Gli uffici governativi USA hanno reso noto che a maggio il deficit commerciale americano, dato appunto dal prevalere dell’import sull’export, per le merci è salito su base mensile, a 96 miliardi di dollari. Dopo un trimestre gennaio-marzo in cui il deficit era molto cresciuto (sino ai 162 miliardi di marzo), in aprile c’era stato un calo a 87 miliardi. Dopo però c’è stato un rimbalzo. Il bilancio dei primi cinque mesi è nettamente negativo per gli USA. Vedremo i dati sui commerci nei servizi, nei quali gli Stati Uniti vantano invece un surplus e che però sono meno ampi di quelli delle merci. Ma, essendo il disavanzo dei cinque mesi nelle sole merci già molto salito, è difficile se non impossibile che il deficit complessivo (merci più servizi) sia inferiore a quello dello stesso periodo dell’anno scorso.

È vero che dietro il forte aumento dell’import nei primi tre mesi c’era anche l’effetto di anticipo sui dazi. In attesa di vedere quali tariffe sarebbero state annunciate da Trump il 2 aprile, molte imprese attive negli USA hanno fatto scorte, nel timore giustificato che i dazi sarebbero andati comunque ad aumentare. Una volta incrementate le scorte, l’effetto in aprile non c’è più stato. Ma in maggio il deficit è tornato a salire, confermando che dietro il disavanzo americano c’è anche qualcosa di strutturale. A fine anno si tireranno le somme e si vedrà se ci sarà stata o no la pretesa (da Trump) inversione di tendenza, ma per ora non è così.

La tendenza ad aumentare i dazi negli USA si è accentuata dal 2017 - cioè dal primo mandato di Trump, con il seguito di un Biden meno aggressivo ma non estraneo ai dazi – e il deficit commerciale complessivo da allora non è sceso, al contrario: era a 504 miliardi di dollari nel 2016, a 676 miliardi nel 2020, a 918 miliardi nel 2024. Per una parte degli esperti il deficit commerciale nel lungo produce pesanti distorsioni, per un’altra parte invece non comporta di per sé sconquassi e i problemi sono altri, tra questi il deficit e il debito pubblici ormai molto elevati negli USA. Ma, ammesso e non concesso che il disavanzo commerciale sia davvero il problema con la P maiuscola, la via per ridurlo non pare quella delle tariffe più alte, che provocano una guerra dei dazi in cui tutti alla fine perdono. Semmai, si tratta di rendere più competitivo l’export USA nelle merci e di incrementare l’avanzo nei servizi.
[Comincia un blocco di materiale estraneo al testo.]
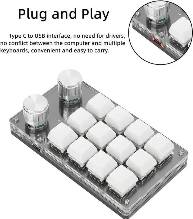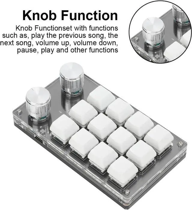 Settable Knob: The knob can also be set, with functions such as, play the previous song, the next song, volume up, volume down, pause, play and other functions. Type C to USB interface, no need for drivers, plug and play, no conflict between the computer and multiple keyboards, convenient and easy to carry.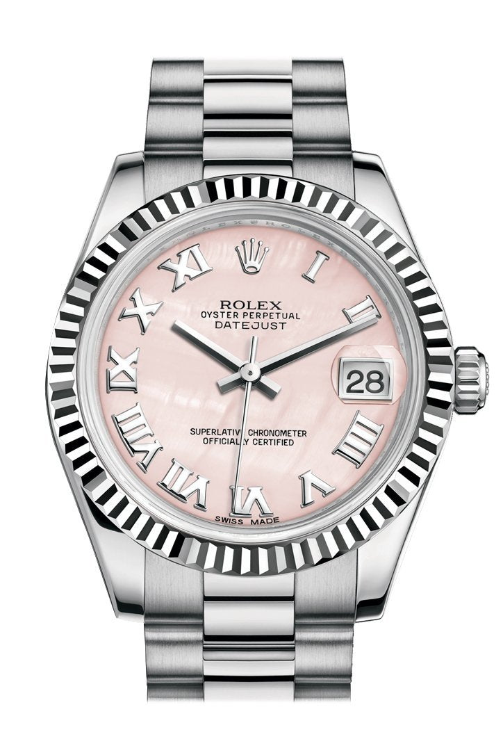 Rolex Datejust 31 Pink mother-of-pearl Roman Dial Fluted Bezel 18K White Gold President Ladies Watch 178279
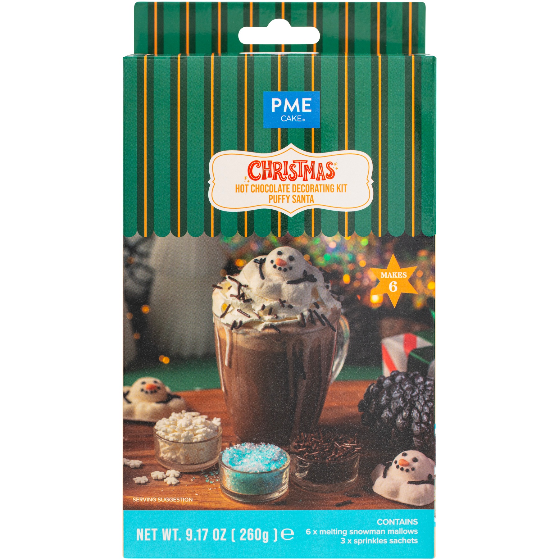 - Inclui: 6 nuvens de boneco de neve derretido e 3 pacotes com confeitos (flocos de neve, fios de chocolate e confeitos azuis e brancos).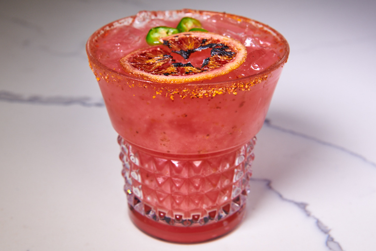 Illegal Mezcal, raspberry puree, serrano peppers, chilly salt rim.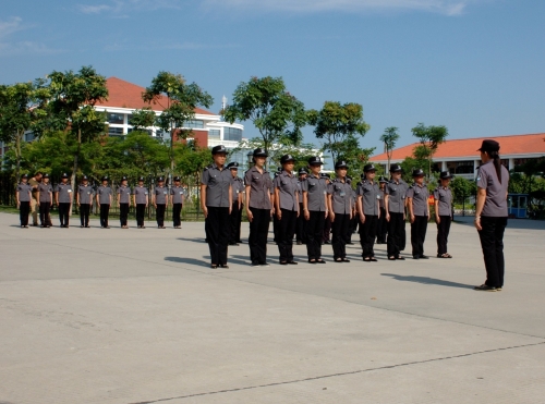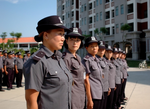 “冬练三九,夏练三伏”,全体安防队员在烈日当空的校园里认真进行着训练科目,晶莹的汗水和湿透的工作服见证着他们的付出,顽强的作风、认真的态度感染着校园里的每一个人,曝晒在阳光下的安防队员们成了校园里另一道靓丽的风景。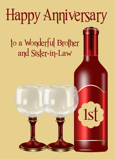1st Wedding Anniversary to Brother and Sister-in-Law Card with Wine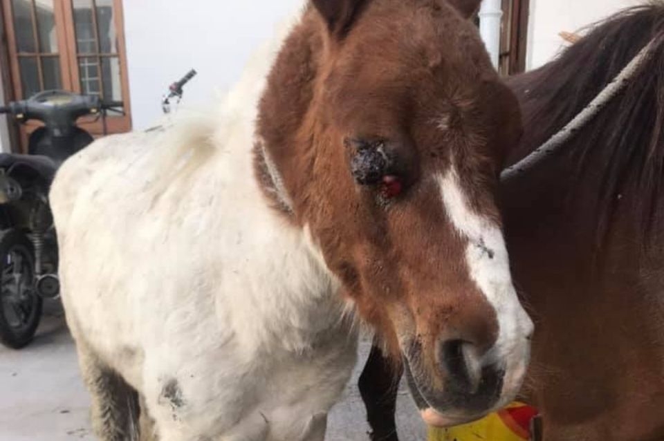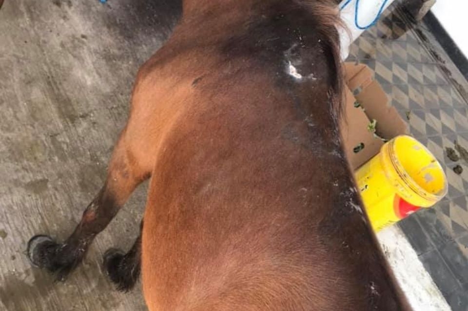 Mientras que la yegua, Simona, tiene heridas que parecen ser quemaduras con agua o aceite.
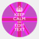 Seu personalizado "Fique Calmo" dizendo em uma vibrante decoração de união rosa-rosa. Um estilo "Manter Calmo" personalizado dizendo em um presente gentil. Humorístico ou caprichoso experimente suas palavras criativas em duas linhas editáveis de texto. Lembre-se de usar letras CAPITAL para obter melhores resultados. Use o link "Perguntar a este Designer" para entrar em contato conosco com suas solicitações especiais de design ou para obter assistência com suas necessidades de personalização.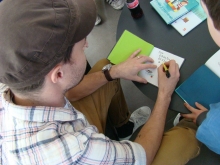 Tal como estaba planificado, el encuentro comenzó con la exhibición del cortometraje animado "Perdido y Encotrado", el cual es una adaptación del cuento del mismo nombre. Un grupo de casi 50 niñas y niños acompañados por sus mamás, papás y apoderados disfrutaron de la pelicula, para luego escuchar un cuento narrado por Patricio Espinosa, que al mismo tiempo fue ilustrado por Oliver Jeffers. Para finalizar, el joven ilustrador compartió con los asistentes en un taller de aviones de papel, los cuales fueron probados en los jardines del interior de la biblioteca y la casona Dubois.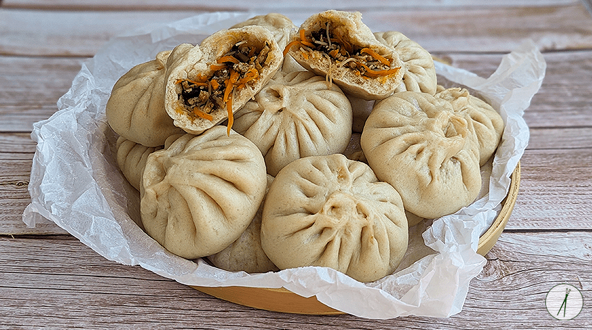 באו-צה במילוי גזר – Húluóbo bāo. לחמניות סיניות מאודות במילוי של גזר, פטריות שחורות ואטריות אורז. בסין נהוג לאכול לחמניות ממולאות ומאודות לארוחת בוקר זריזה. לרוב הלחמניות ממולאות בבשר או כרוב ועירית שומית, בגרסה הצמחונית הזו של הלחמניות המרכיב המרכזי הוא הגזר שמוסיף מתיקות עדינה למילוי ובשילוב עם שאר המרכיבים נוצרת לחמניה קלילה וכיפית לאכילה עשירה בטעמים ומרקמים.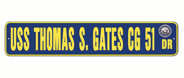 Vendor: American Military Graphics USS THOMAS S GATES CG 51 Aluminum Street Sign Navy Blue / Yellow 6" x 30" Military USN SS002 Sale price $27.99Regular price $29.99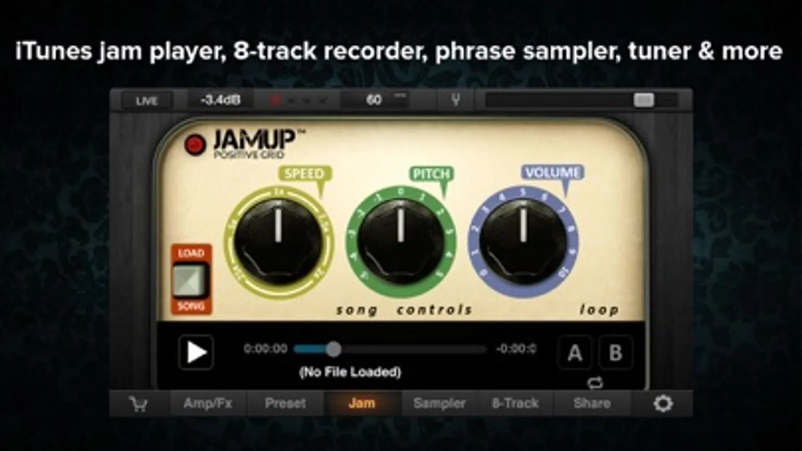Import songs from your iTunes library to jam along with using the Jam Player module. Adjust the tempo and pitch with the high-fidelity time-stretching engine. Easily record and layer looped parts with the sound-on-sound phrase sampler. With the built-in tuner and metronome, and optional 8-track recorder, JamUp delivers a complete, professional processing and recording solution.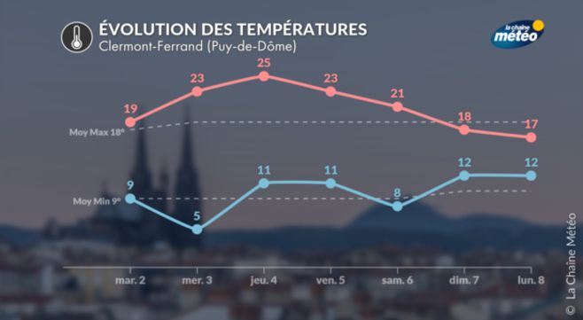 L'anticyclone présent lundi sur le golfe de Gascogne remonte vers les îles britanniques mardi avant de se décaler vers l'Allemagne. Avec un vent qui s'oriente à l'est mardi puis au sud mercredi, c'est de l'air de plus en plus doux qui s'impose dans une ambiance qui devient lourde et même orageuse jeudi et vendredi au nord.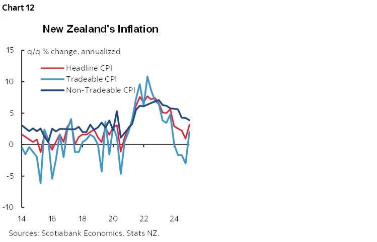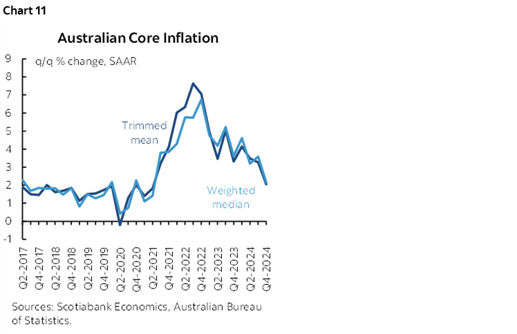 One reason is that inflation has continued to make progress toward the RBA’s 2–3% target range. Key is that trimmed mean and weighted median CPI readings both landed on 0.5% q/q SA which when annualized lands at the bottom end of the RBA’s headline target range. That suggests rapidly softening underlying price pressures at the margin (chart 11).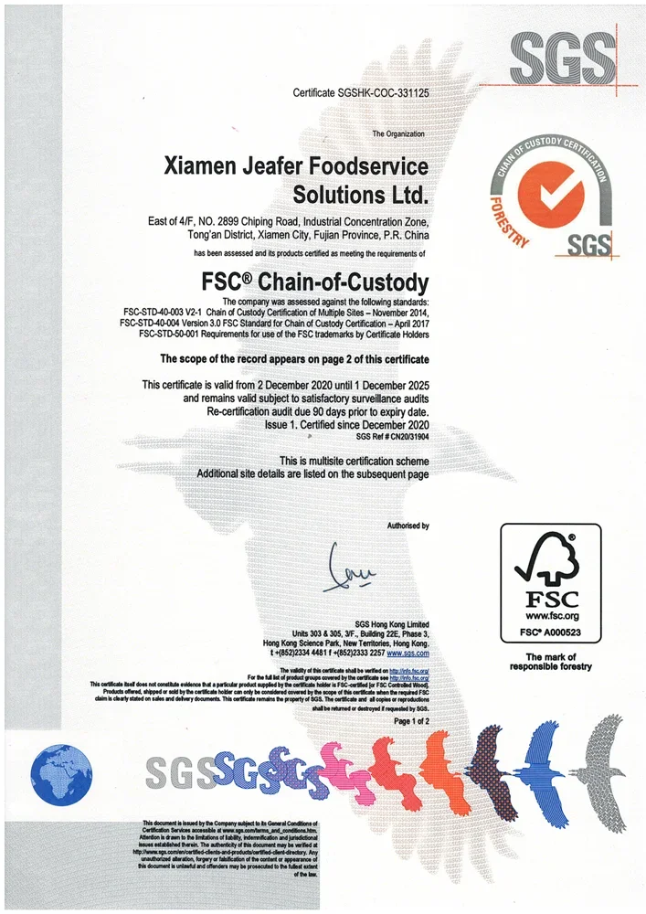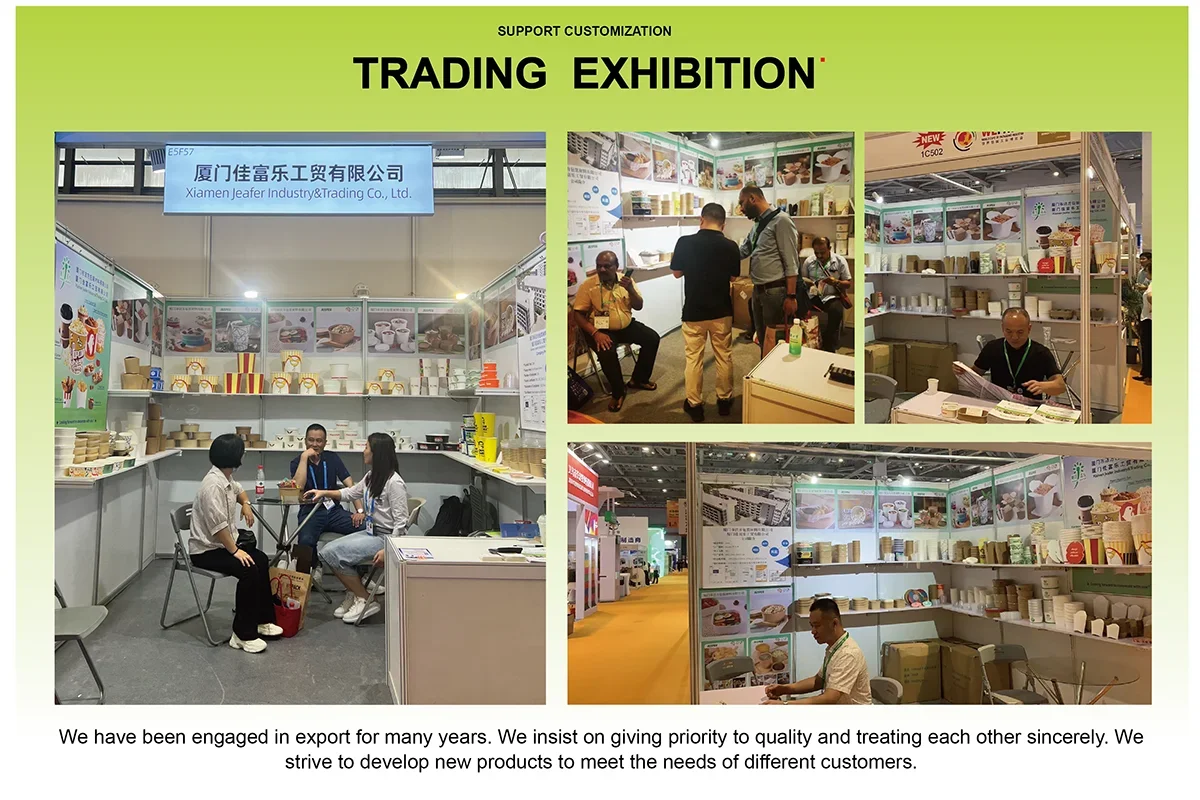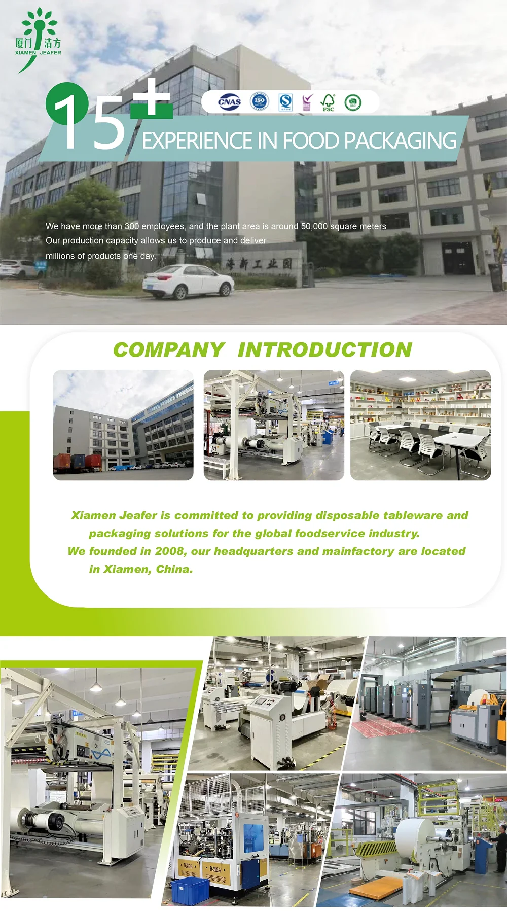 Xiamen Jeafer Foodservice Solutions is a manufacturer and exporter specilizing in disposable foodservice products. We work on the principle of Sincerity and Mutual Benefits so that we gain the wide trust and respect from the clients. We set our goal to offer products in high quality, competitive price and best service.

L’aumento del protezionismo sta causando un rallentamento della crescita economica mondiale. Poiché tutto ciò avviene mentre le tensioni geopolitiche sono forti e ci sono conflitti bellici, il colpo di freno è più consistente. Se sin qui non ci sono stati danni ancora più ingenti, è grazie alla buona resilienza - è la parola giusta - di molte economie e di gran parte delle imprese. Ma se i dazi saliranno oltre misura, un ulteriore rallentamento annuo sarà inevitabile. Ciò vale anche per gli USA, che nei primi tre mesi di quest’anno hanno subito una contrazione del PIL e che non sono riusciti ad abbassare l’inflazione come volevano, pur avendo tassi di interesse alti. È possibile che dopo il calo ci sia qualche rimbalzo per il PIL americano, ma la crescita USA per l’intero 2025 ora è vista come ben inferiore a quella del 2024 da tutte le maggiori istituzioni economiche.